Рыцарь театра — верный и бесстрашный
В Онегинском зале Дома-музея К.С. Станиславского прошел показ документального фильма «Станиславский. Рыцарь светлого образа».
Фильм известного режиссера-документалиста Игоря Калядина совсем не похож на старательный и подробный байопик. В нем на фоне хроники смятенного времени реформатор сценического искусства представлен благородным и понятным человеком, который жил театром, «для театра и во имя театра». Картина охватывает последние 17 лет земной жизни великого режиссера Константина Сергеевича Станиславского, которые прошли в старинном доме № 6 по многоголосому и оживленному Леонтьевскому переулку. Свой тихий особняк на Большой Каретной, где семья обитала предыдущие 17 лет, пришлось оставить, и не по собственной воле. На Леонтьевском занимали комнаты второго этажа, а первый напоминал муравейник — переполненные коммуналки, более похожие на общежитие, для тех, кто ринулся на заработки в Первопрестольную после революции.
Чинную, но шумную и хлопотную домашнюю жизнь заполнили уютом и душевным теплом достаточно быстро. Михаил Булгаков в «Театральном романе» описал этот таинственный дом, только перенес его на Сивцев Вражек. С Леонтьевским переулком, который любили старомосковские интеллигентные семьи, Станиславский был связан с юности. Здесь жила его будущая жена — очаровательная начинающая актриса Маша Лилина. В один из роскошных домов он приходил к старшему двоюродному брату Николаю Александровичу Алексееву — человеку могучего телосложения и безупречной репутации. Ему, предпринимателю и Городскому голове, москвичи были благодарны за появление современных систем водопровода и канализации, строительство школ и больниц. Его щедрую благотворительность и талант организатора ценил Петр Ильич Чайковский. Жизнь этого удивительного человека — тема отдельная.
Возникающие на экране картинки создают иллюзию театрального дома, око камеры любуется аутентичными интерьерами, и восторг авторов передается зрителям. Парадная лестница, залы для занятий со студентами Оперной студии и среди них — белоколонный Онегинский и «рыцарский кабинет», сверкающий цветными витражами. Письменный стол хозяина, итальянское инкрустированное кресло, полки с книгами, семейные фотографии и рукописи, сценические костюмы и скульптура Дон Кихота на подоконнике.

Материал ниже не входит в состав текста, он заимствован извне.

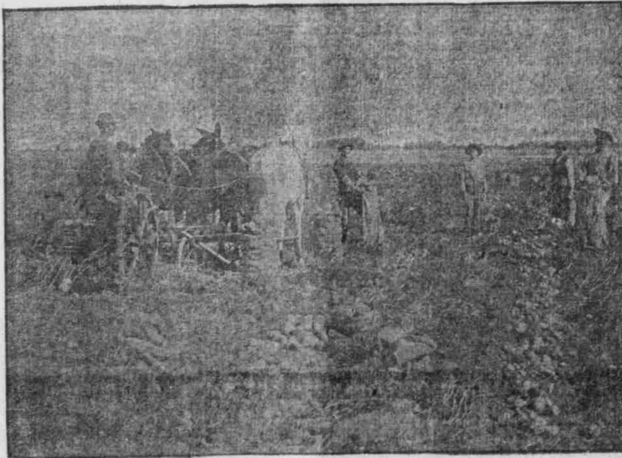
„Kartoffel! Na, ich sollte sagen...“ (Zuvorkommenheit des „Sospodar“.)

Zuckerrüben, bringen von 20 bis 25 Ton- nen per Acker.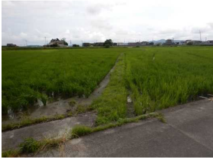
ミズタカモジグサ自生地状況 (R3. 6. 25)

令和3年度、工事予定期のミズタカモジグサの生育状況の確認を行い、種子の採取、播種を行った。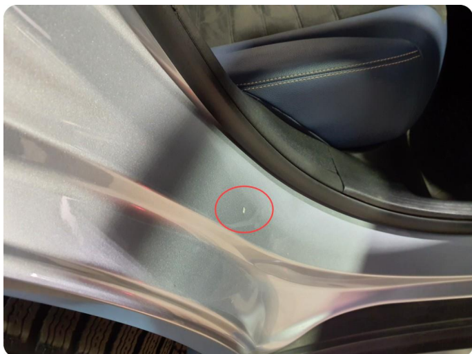
2.8 Bulk(er) med lakkskade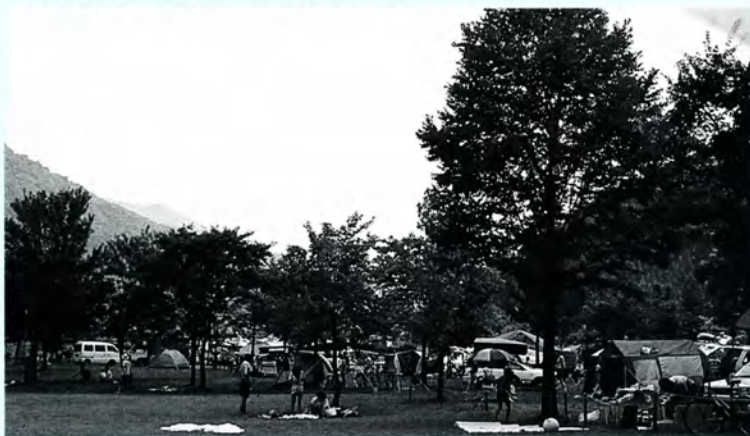
トイレが水洗化される 麻那姫湖青少年旅行村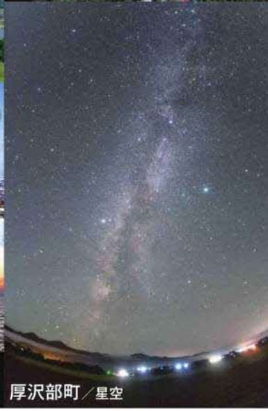
厚沢部町 / 星空

На экране — собеседники и проводники зрителей: Алексей Вадимович Бартошевич и Борис Николаевич Любимов — мои дорогие педагоги, выдающиеся ученые, великие знатоки искусства драматической сцены; заведующая Домом-музеем Станиславского Анаит Овчинникова и старший научный сотрудник Наталья Карсова, досконально изучившие жизнь всех обитателей особняка; актеры Михаил Семаков, Владимир Машков и Авангард Леонтьев — наследники принципов системы Станиславского. Каждый их них хранит личную любимую выстраданную историю — и как же интересны их рассказы и комментарии, которыми они делятся с нами.

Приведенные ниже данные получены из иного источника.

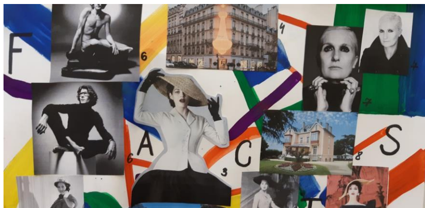
Рис. 5. Crossword 2

Работа с кроссвордами показалась студентам очень интересной. Они с удовольствием угадывали и вписывали слова, тем самым пополняя свой словарный запас по английскому языку и совершенствуя англоязычные навыки. По их словам, им нравятся задания-задачи, требующие размышления и поиска решения. Именно кроссворды дают им возможность работать в данном направлении, оттачивая свои языковые навыки и умения.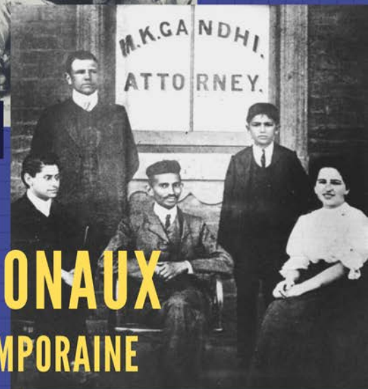
Gandhi (au centre) et ses collègues devant son cabinet d'avocat à Johannesburg en Afrique du Sud, 1905.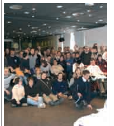
Comedor del hotel Victoria Arnedo.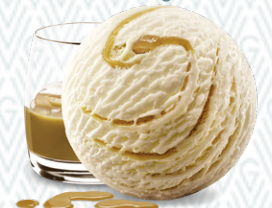
Irish Cream Rahmglace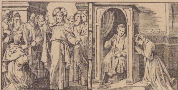
Jezus oblaszt dá apostolom na odpüscavanje grehov.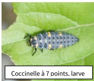
Coccinelle à 7 points, larve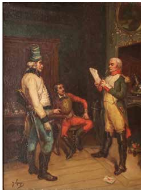
90 Y. LEPAGE "Personaggi in un interno" Dipinto ad olio su tela in cornice dorata. Cm 35x28.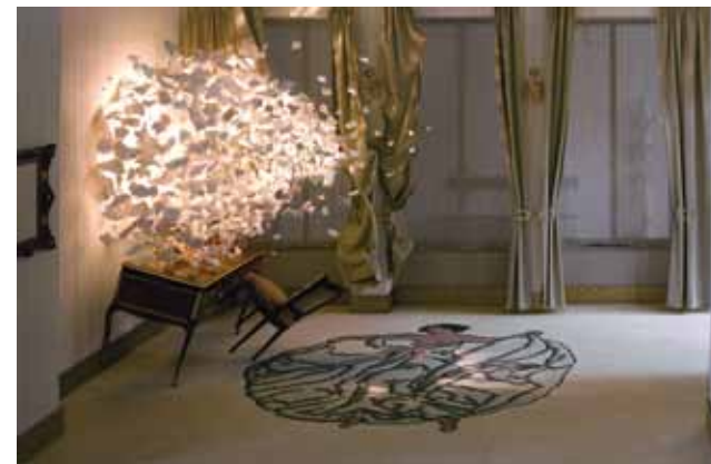
Jean-Antoine Raveyre , Bleu, blanc, or , 2012.

Prise de vue argentique, tirage fine art, 3 exemplaires, 110 x 170 cm.

На Леонтьевский Станиславский переезжает в возрасте почти 60-и лет. Он уже не молодой мечтатель, стеснительный и горячий одновременно, но так же высок, прям, статен, благороден. К финалу киноповествования с экрана щурится, улыбается, печалится прекрасный мудрый старец солидных лет и непреклонных убеждений. Звучит горький рассказ о революции, которая так резко разделила жизнь Станиславского на две части, о власти, ударов которой он не избежал: в застенках ЧК и на Соловках погибли его родной брат и трое племянников. С этим непосильным грузом ему приходилось жить. Но никогда Станиславский не рассматривал путь эмиграции, где забыл бы о голоде и холоде и занимался бы только творчеством — в Америке ему предлагали должность главного педагога Голливуда. Остаться в сталинской Москве — его сознательный выбор. Таково было воспитание: без родной почвы и языка — не выжить. Несмотря на то, что Художественный театр как товарищество на паях принадлежал ему в значительной степени и его гением был создан, он считал, что их с Немировичем-Данченко детище принадлежит России.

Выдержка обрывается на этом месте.